Yeah. I think because of how video games are and the medium they inhabit that a game's "story" and plot and characters are often based on surface level reactions to emotions or experiences within the game and we are seldom trained to do any deeper reading of a story past whether a character is crafted or the story beats make sense in a "wow" kind of way. This isn't to say that people who don't like the game's story or plot or anything "don't get it" or aren't smart enough to; far from it, there are many reasons one could not like what the game is doing or prefer the way Nier told it's story and what it was telling. It's moreso that we simply don't get kinds of stories like Nier: Automata often in video games and as a result it's not something we read deeper on often.
For example, I would say that the plot and characters of Last of Us are fucking incredible and the interplay of character motivations and emotional moments spurred on by what we know of the people and the world they inhabit make it especially effective. It's also capable of some incredibly subtle storytelling as one might be able to tell from the end of it having some great interpretations.
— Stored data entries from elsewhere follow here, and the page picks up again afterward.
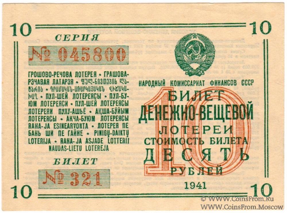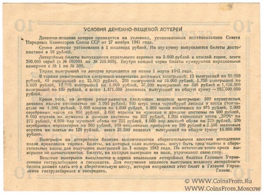 Билет. Серии 000001-280000. Водяной знак - волны вертикальные. Денежно-вещевая лотерея 1941 г.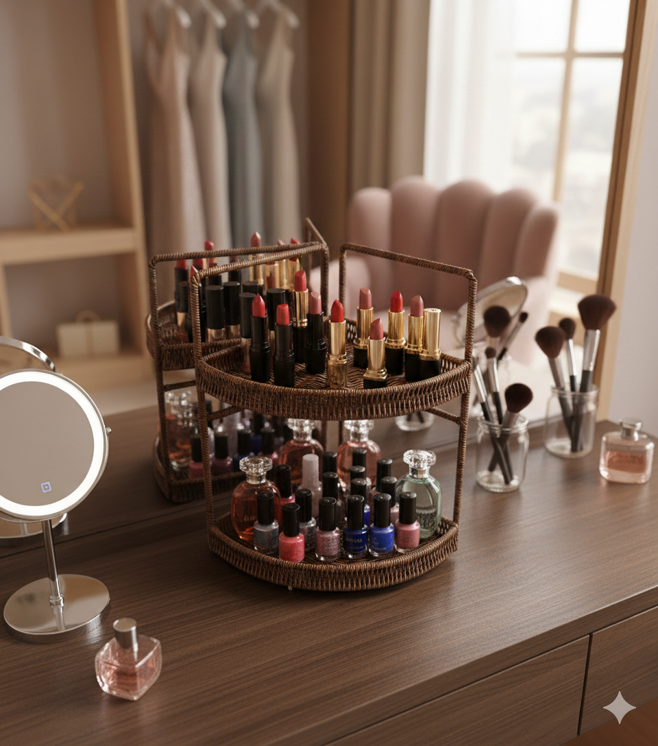 sd51964 metal iskelet üzerine pvc örülü 2 katlı tezgah üstü dekoratif köşe raf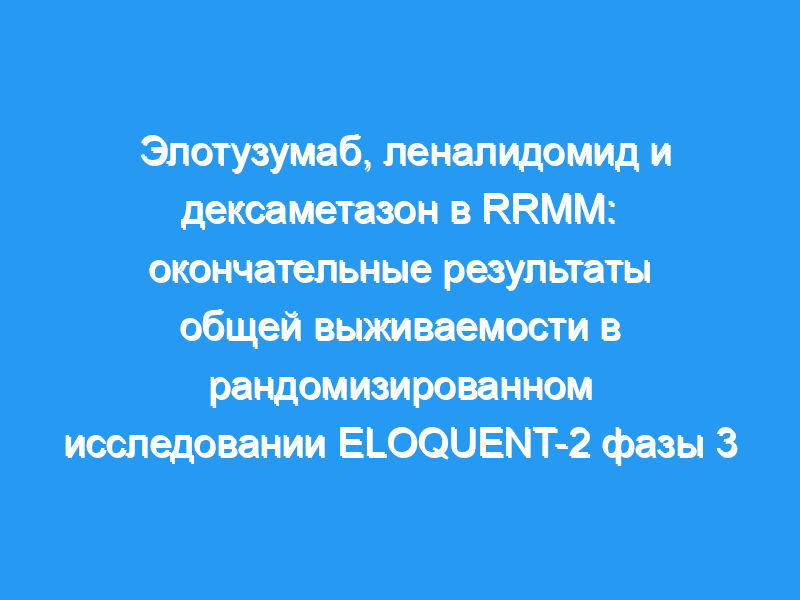 Продление общей выживаемости (OS) остается неудовлетворенной потребностью при рецидивирующей или рефрактерной множественной миеломе (RRMM). В исследовании ELOQUENT-2 (NCT01239797) элотузумаб плюс леналидомид/дексаметазон (ERd) значительно улучшили выживаемость без прогрессирования (PFS) по сравнению с леналидомидом/дексаметазоном (Rd) у пациентов с RRMM и 1-3 предшествующими линиями терапии (LoTs). Мы сообщаем о результатах предварительно запланированного окончательного анализа ОС после минимального периода наблюдения в 70,6 месяцев, что является самым длительным периодом для триплета на основе антител в RRMM. В целом, 646 пациентов с RRMM и 1-3 предшествующими сериями были рандомизированы 1:1 для ERd или R.

...but all of that comes from very surface level stuff, no deeper meanings or anything, just A+B=C interactions where you can see characters emotions and characteristics work to make events happen. Everything that people love about the game is from events directly happening in the plot that you watch and see. There's no deeper reading involved.
Nier: Automata isn't like that. You have to put in work to really connect and extrapolate and thematically understand why things are happening that may not be an A+B=C interaction. It's more like...A(1+2)+B(3/4)=C to the tenth. It's just...there are...god, I hate using this term, higher functions that work behind the scenes that process the things that are happening.
I don't really care if people call me pretentious, I don't much put stock in anti-intellectualism that seems to sweep the community as if everyone dumping on plots and characters in games read Umberto Eco novels and complex essays on Heidegger's "dasein" existing within Portnoy's Complaint.